▸ **YOUR ASSIGNMENT**:
Look below for the line with "由中国房地产业协会、上海易居" and the line with "VZnO@FITC在CRC瘤"; repeat exactly those two lines and all lines between them, but no pictures.

▸ **PROVIDED DATA**:
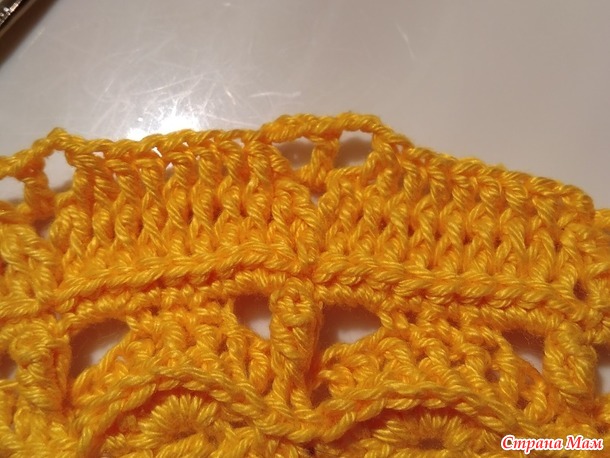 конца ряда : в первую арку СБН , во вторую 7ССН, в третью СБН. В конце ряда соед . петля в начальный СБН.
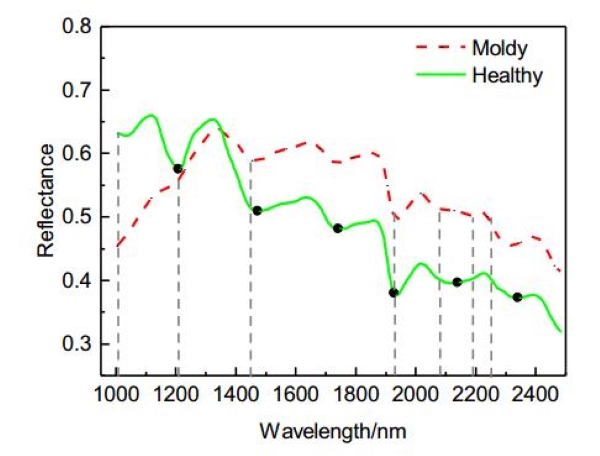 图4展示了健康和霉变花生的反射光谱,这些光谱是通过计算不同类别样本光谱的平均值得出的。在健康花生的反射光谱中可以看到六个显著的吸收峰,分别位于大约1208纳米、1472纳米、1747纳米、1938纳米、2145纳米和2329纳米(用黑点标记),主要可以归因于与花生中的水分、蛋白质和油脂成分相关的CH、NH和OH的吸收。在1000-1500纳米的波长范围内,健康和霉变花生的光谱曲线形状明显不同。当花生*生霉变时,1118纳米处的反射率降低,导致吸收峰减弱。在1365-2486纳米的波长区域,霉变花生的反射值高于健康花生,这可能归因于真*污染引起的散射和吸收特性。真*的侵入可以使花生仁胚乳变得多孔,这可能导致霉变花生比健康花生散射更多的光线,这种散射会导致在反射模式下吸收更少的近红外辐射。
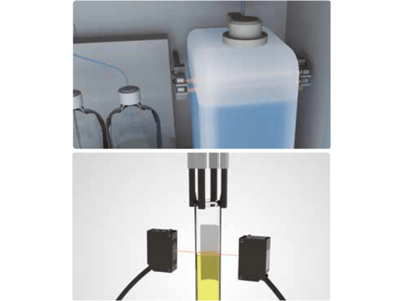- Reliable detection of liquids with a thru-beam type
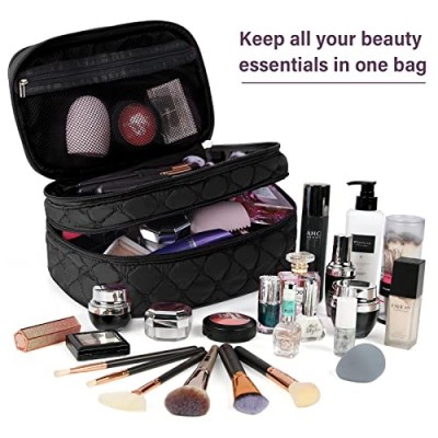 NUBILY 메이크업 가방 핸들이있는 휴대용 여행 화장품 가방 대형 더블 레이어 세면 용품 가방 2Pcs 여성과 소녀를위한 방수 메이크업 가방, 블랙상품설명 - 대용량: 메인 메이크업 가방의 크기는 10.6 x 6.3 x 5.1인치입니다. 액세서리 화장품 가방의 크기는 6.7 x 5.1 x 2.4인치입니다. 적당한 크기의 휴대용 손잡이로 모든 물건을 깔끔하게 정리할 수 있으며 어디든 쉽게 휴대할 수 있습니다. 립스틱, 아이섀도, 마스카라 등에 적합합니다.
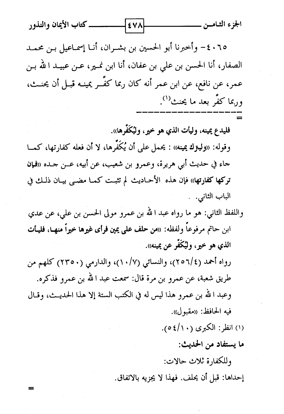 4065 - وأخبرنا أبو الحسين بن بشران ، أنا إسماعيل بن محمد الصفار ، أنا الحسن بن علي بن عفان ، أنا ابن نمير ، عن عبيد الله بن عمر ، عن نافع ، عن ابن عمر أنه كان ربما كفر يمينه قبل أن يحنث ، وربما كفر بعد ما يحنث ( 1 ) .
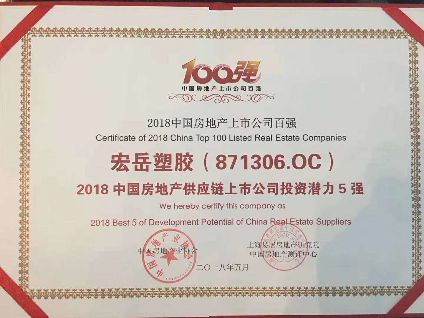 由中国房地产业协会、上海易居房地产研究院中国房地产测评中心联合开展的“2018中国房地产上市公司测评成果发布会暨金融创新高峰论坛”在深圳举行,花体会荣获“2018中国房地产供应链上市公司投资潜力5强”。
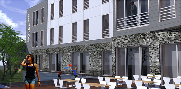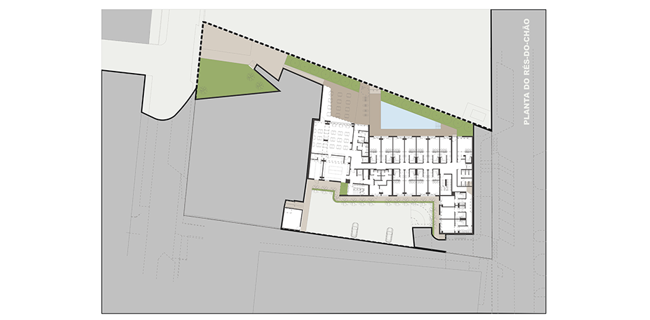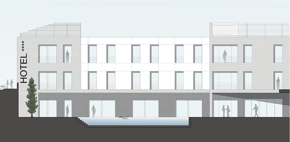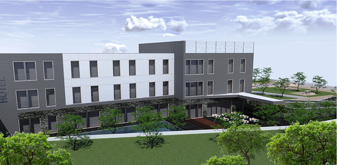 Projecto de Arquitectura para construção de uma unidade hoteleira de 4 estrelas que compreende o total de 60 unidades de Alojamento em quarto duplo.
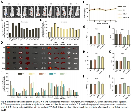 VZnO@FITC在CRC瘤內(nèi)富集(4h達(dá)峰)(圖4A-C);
...
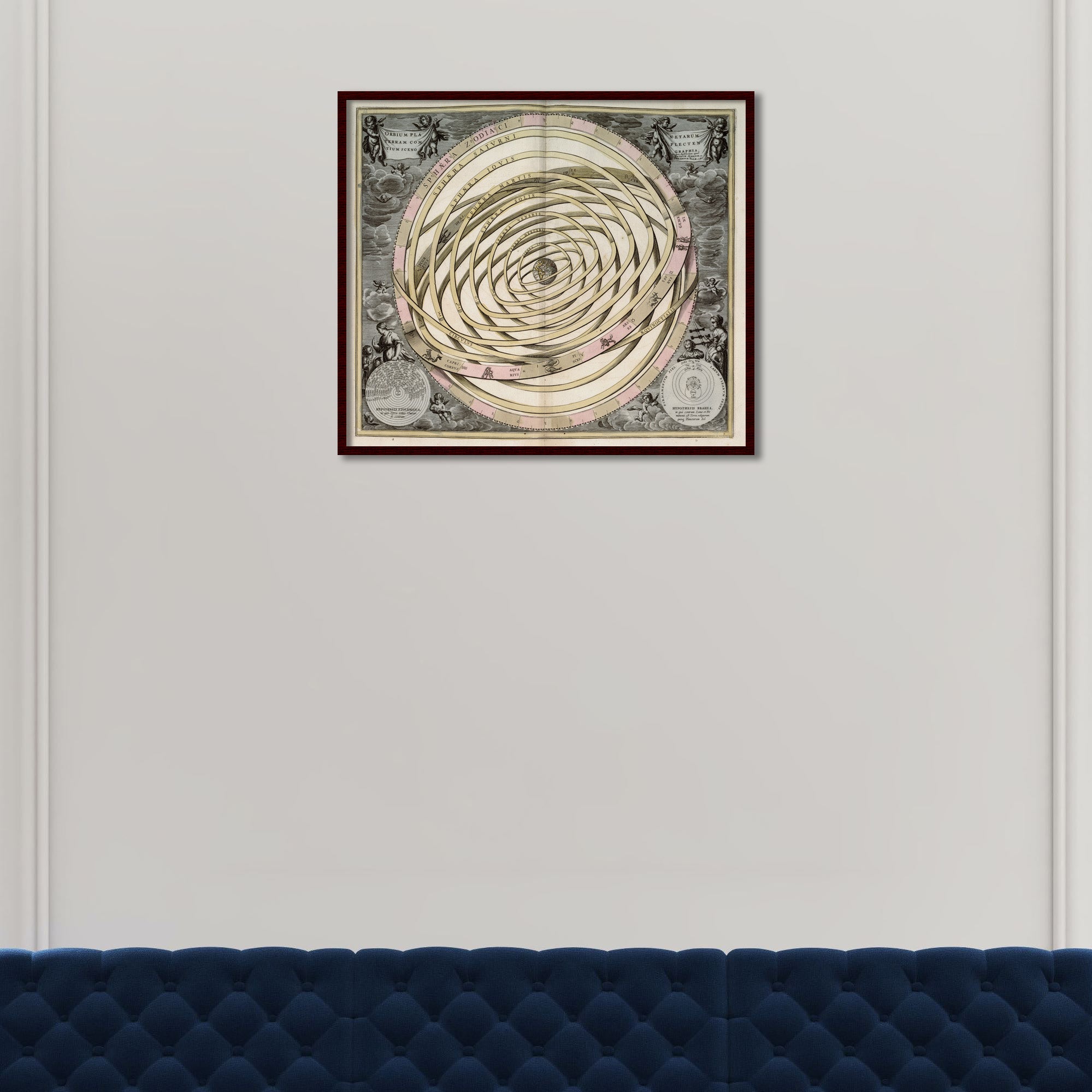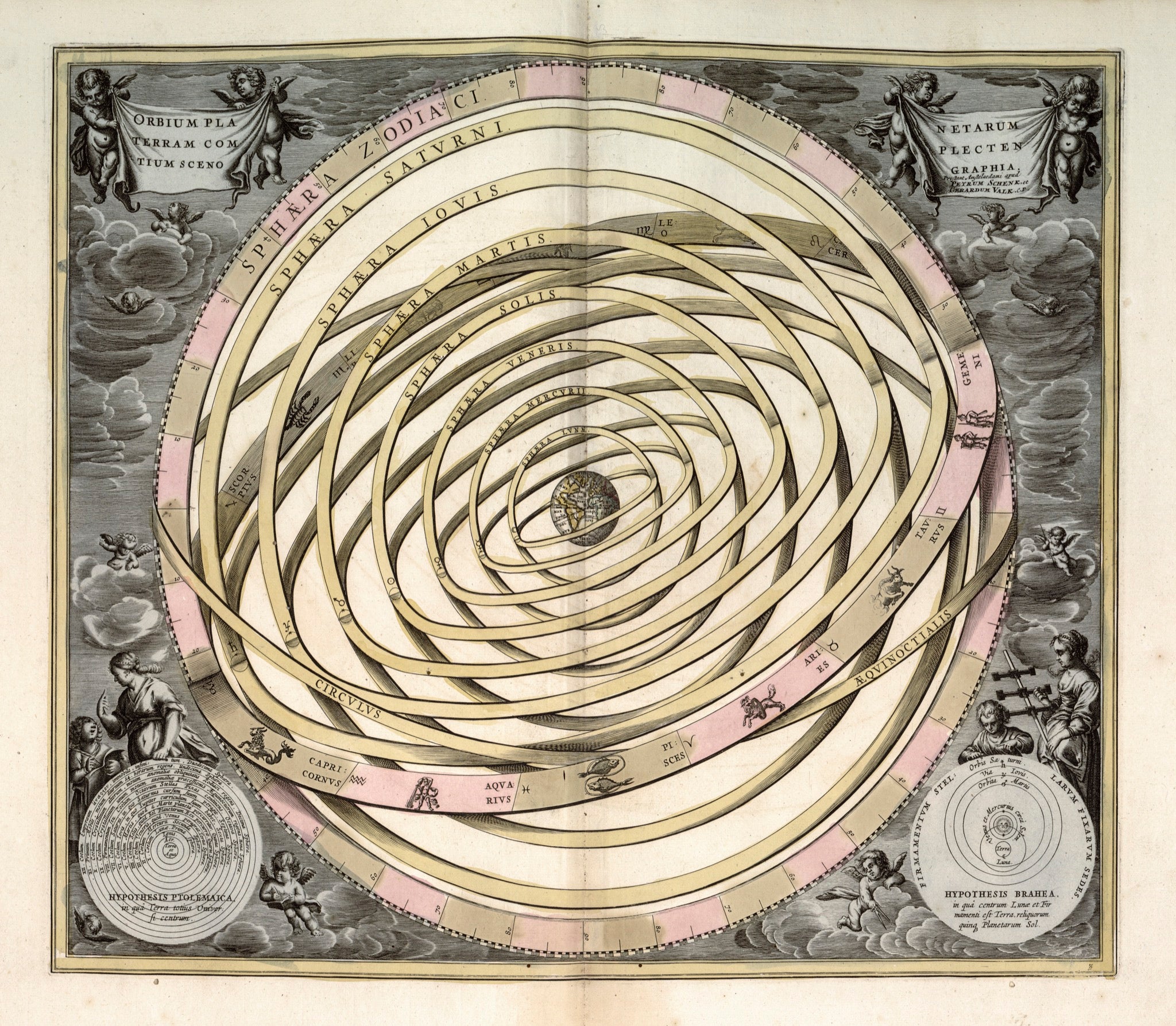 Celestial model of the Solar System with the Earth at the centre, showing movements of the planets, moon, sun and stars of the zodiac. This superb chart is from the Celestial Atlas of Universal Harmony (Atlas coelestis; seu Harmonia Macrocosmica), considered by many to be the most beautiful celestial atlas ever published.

▸ **RESPONSE BELOW**:
 由中国房地产业协会、上海易居房地产研究院中国房地产测评中心联合开展的“2018中国房地产上市公司测评成果发布会暨金融创新高峰论坛”在深圳举行,花体会荣获“2018中国房地产供应链上市公司投资潜力5强”。
 Projecto de Arquitectura para construção de uma unidade hoteleira de 4 estrelas que compreende o total de 60 unidades de Alojamento em quarto duplo.
 VZnO@FITC在CRC瘤內(nèi)富集(4h達(dá)峰)(圖4A-C);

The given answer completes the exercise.